*WORK TO BE COMPLETED*. Your answer must be an exact copy of the entries below, with every picture removed.
START RECORDS FOR THIS TASK
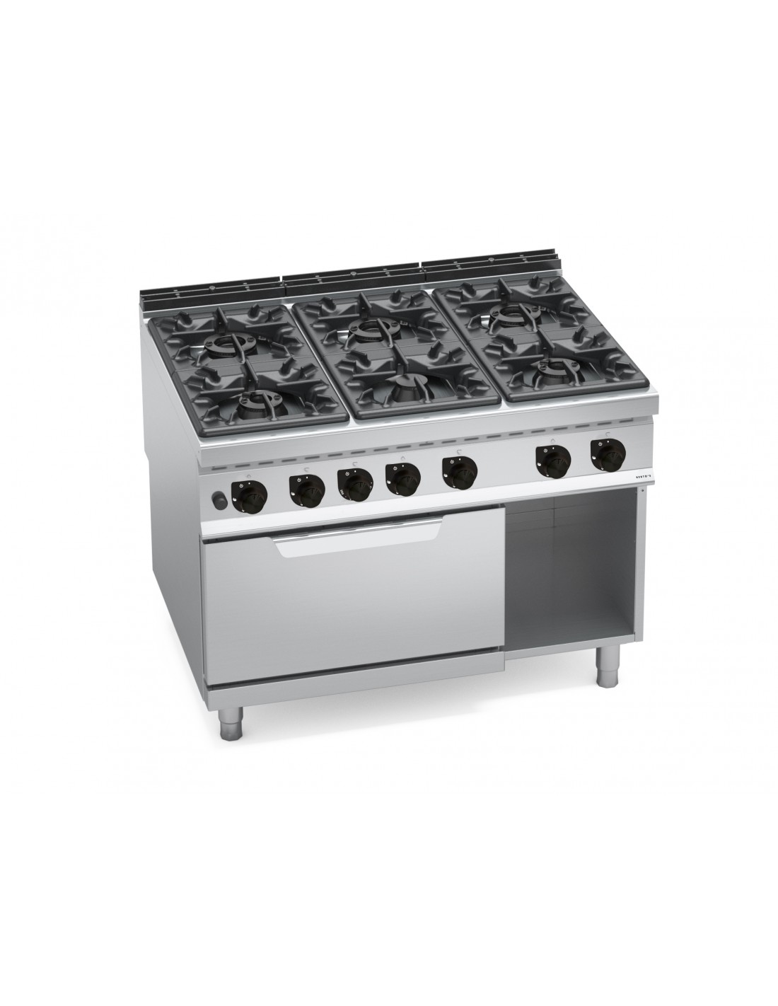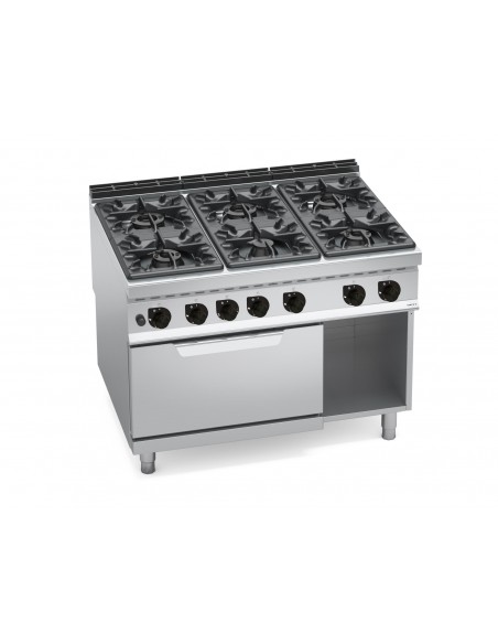 - Potencia fuegos: 1 x 3,5Kw (3.010 kcal/h) + 2 x 7Kw (6.020 kcal/h) + 3 x 12Kw (10.320 kcal/h)
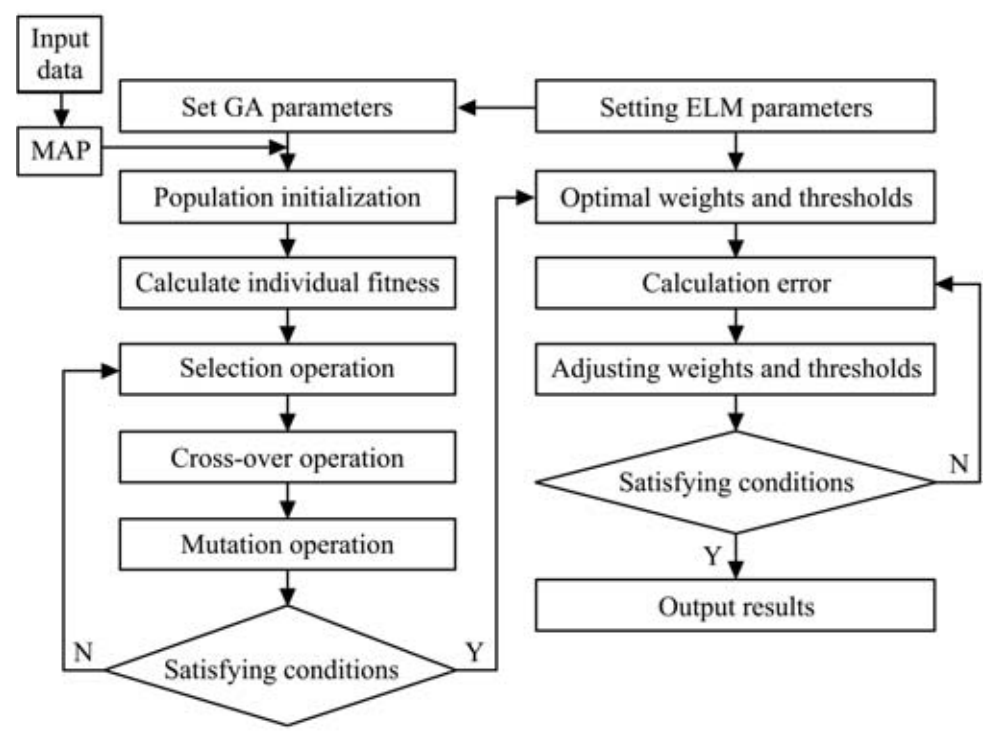 高光譜遙感系統(tǒng)獲取的全波段光譜中含有大量與水稻氮素含量無關(guān)的冗余信息,導(dǎo)致反演模型建立過程中模型誤差增大。因此,本研究利用海洋捕食者算法(MPA)提取特征波段,并將其作為遺傳算法(GA)的輸入變量,進(jìn)行變量篩選優(yōu)化后,利用的極限學(xué)習(xí)機(jī)(ELM)進(jìn)行建模以實(shí)現(xiàn)對水稻冠層氮素含量估測,具體流程如圖2所示。
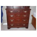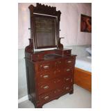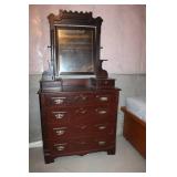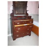 Antique Wooden Dresser with Mirror and 5 Drawers
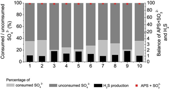 The sulfate concentration in the liquid medium was measured by the turbidimetric method after time intervals of the cultivation. In total, 40 mg L−1 BaCl2 solution was prepared in 0.12 mol L−1 HCl and mixed with glycerol in a 1:1 ratio. The supernatant of the sample was obtained by centrifugation at 5000× g at 23 °C and 1 mL was added to 10 mL of BaCl2: glycerol solution and carefully mixed as described before []. The absorbance of the mixed solution was measured after 10 min at 520 nm (Spectrasonic Genesis 5, Ecublens, Switzerland). A cultivation medium without bacteria growth was used as a control.
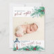 Två Photo Helgdag Birth-annons-kort som du kan anpassa ytterligare med baby namn, födelsestatus, din christmas önskemål och namn. Att kombinera yrkesmässig roligt med traditionell vattenfärg är en känslig och elegant utformning för ram och ditt baby bilder. Ordalydelsen lyder: "Vi handlade i våra tysta nätter för en mängd glädje med tio milstolpar" i elegant och modern typografi. Temat är färdigt med trädgårdar av mistel, hollväxter, sprit av gräs och ett ljus med tänt ljus. Kortets baksida säger "bästa gåva någonsin", med dina andra foto- och anpassningsbar-meddelanden.
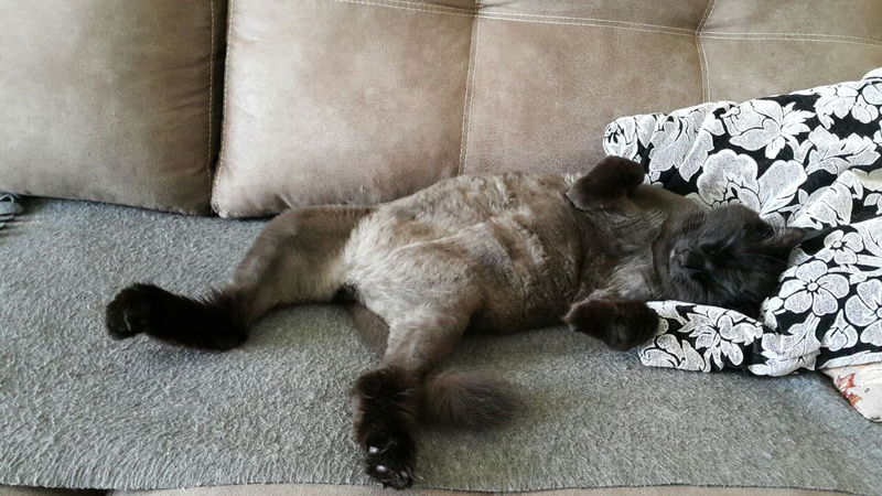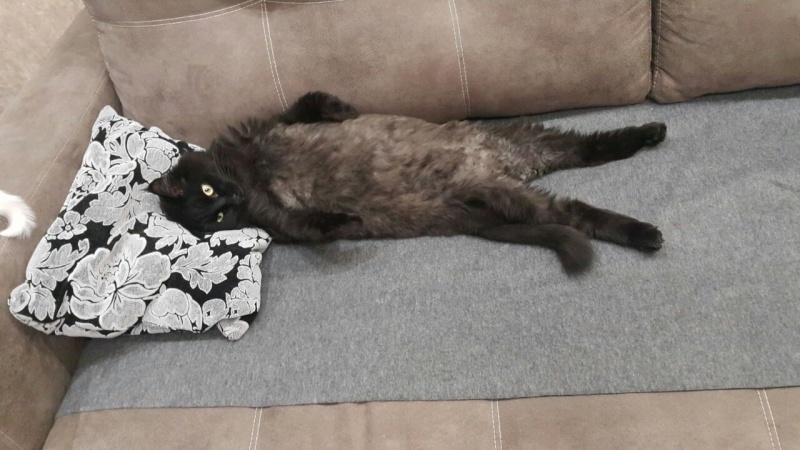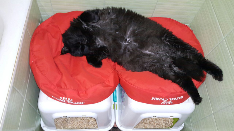 Облюбовал себе "кабинет" -ванную комнату с персональной лежанкой -раковиной). Как наведет порядок в квартире, то идет отдыхать )))).
END RECORDS FOR THIS TASK
*ANSWER SECTION*.
 - Potencia fuegos: 1 x 3,5Kw (3.010 kcal/h) + 2 x 7Kw (6.020 kcal/h) + 3 x 12Kw (10.320 kcal/h)
 高光譜遙感系統(tǒng)獲取的全波段光譜中含有大量與水稻氮素含量無關(guān)的冗余信息,導(dǎo)致反演模型建立過程中模型誤差增大。因此,本研究利用海洋捕食者算法(MPA)提取特征波段,并將其作為遺傳算法(GA)的輸入變量,進(jìn)行變量篩選優(yōu)化后,利用的極限學(xué)習(xí)機(jī)(ELM)進(jìn)行建模以實(shí)現(xiàn)對水稻冠層氮素含量估測,具體流程如圖2所示。
 Antique Wooden Dresser with Mirror and 5 Drawers
 The sulfate concentration in the liquid medium was measured by the turbidimetric method after time intervals of the cultivation. In total, 40 mg L−1 BaCl2 solution was prepared in 0.12 mol L−1 HCl and mixed with glycerol in a 1:1 ratio. The supernatant of the sample was obtained by centrifugation at 5000× g at 23 °C and 1 mL was added to 10 mL of BaCl2: glycerol solution and carefully mixed as described before []. The absorbance of the mixed solution was measured after 10 min at 520 nm (Spectrasonic Genesis 5, Ecublens, Switzerland). A cultivation medium without bacteria growth was used as a control.
 Två Photo Helgdag Birth-annons-kort som du kan anpassa ytterligare med baby namn, födelsestatus, din christmas önskemål och namn. Att kombinera yrkesmässig roligt med traditionell vattenfärg är en känslig och elegant utformning för ram och ditt baby bilder. Ordalydelsen lyder: "Vi handlade i våra tysta nätter för en mängd glädje med tio milstolpar" i elegant och modern typografi. Temat är färdigt med trädgårdar av mistel, hollväxter, sprit av gräs och ett ljus med tänt ljus. Kortets baksida säger "bästa gåva någonsin", med dina andra foto- och anpassningsbar-meddelanden.
 Облюбовал себе "кабинет" -ванную комнату с персональной лежанкой -раковиной). Как наведет порядок в квартире, то идет отдыхать )))).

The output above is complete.